Isso quer dizer que, embora se generalizem os riscos sociais, econômicos, políticos, etc., incluídos os de saúde, com a mundialização dos processos produtivos e cambiais capitalistas, o poder do Estado não desaparece, se refuncionaliza: de ser garantidor das condições políticas, sociais e materiais da reprodução do capital a nível nacional, transforma-se na prática em agente mediador das grandes corporações transnacionais.
Fica encarregado da “segurança nacional” e, portanto, despojado de toda visão e intenção integradora e/ou conciliadora, ficando em sua forma puramente esquelética: as funções repressivas e de controle social.

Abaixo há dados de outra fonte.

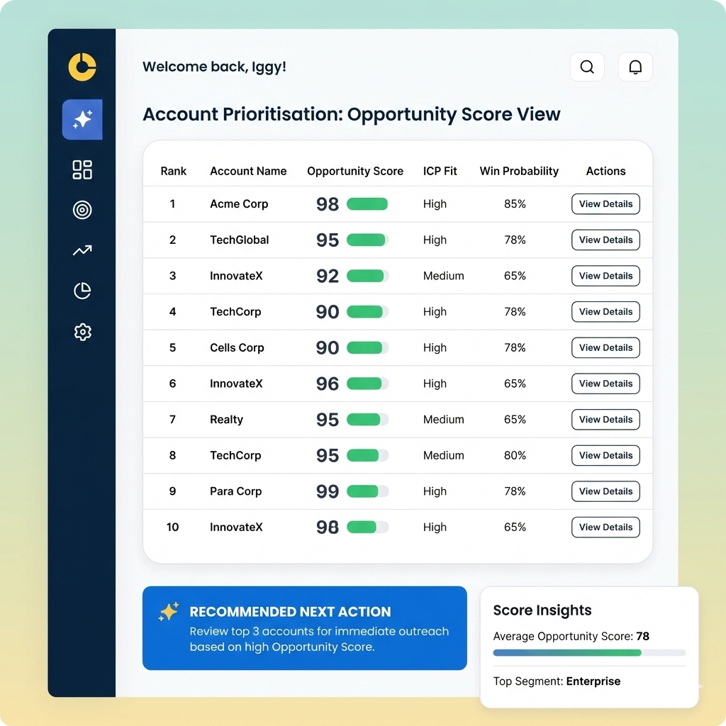 Rank accounts by ICP Match, Purchase Intent, and Win Predictor so you focus on in-market accounts you're likely to win.

No capitalismo não pode haver relação laboral justa, pois esta repousa sobre a exploração do trabalho vivo por parte do capital e sobre a existência de uma população excedente que serve, como dizem os clássicos marxistas, de “exército industrial de reserva” para satisfazer as necessidades da acumulação capitalista.
O emprego justo e o crescimento econômico para todos são outras tantas falácias da economia burguesa, utilizadas para assegurar a continuidade da ditadura do capital. Desde esta perspectiva é que podemos entender as reformas nos sistemas de saúde, de segurança social e do trabalho realizadas, e as que ainda estão por fazer em vários países.
Em outras palavras, para o capital internacional é questão de vida ou morte apropriar-se não só do tempo de trabalho excedente extraído mediante a exploração da força de trabalho, mas também do tempo de trabalho necessário para a própria reprodução do operário, ainda que isso suponha o encurtamento do tempo de vida útil do mesmo e, como registra o informe conjunto da OMS/OIT, a cada ano milhões de trabalhadores perdem a vida.
A segurança social dos trabalhadores em um mundo em crise, a paulatina destruição dos sistemas de proteção social favorecida pelo Banco Mundial, a Organização Mundial do Comércio (OMC), os governos neoliberais – incluídos os partidos social-democratas – colocaram a maior parte da classe trabalhadora num nível de vulnerabilidade e exploração similar ao existente no último quarto do século XIX.
Seria possível seguir enumerando evidências sobre a magnitude do problema de saúde dos trabalhadores e suas famílias. Entretanto, os dados apresentados acima refletem sua complexidade, de uma dimensão escabrosa, sujeita às teologias neoliberais.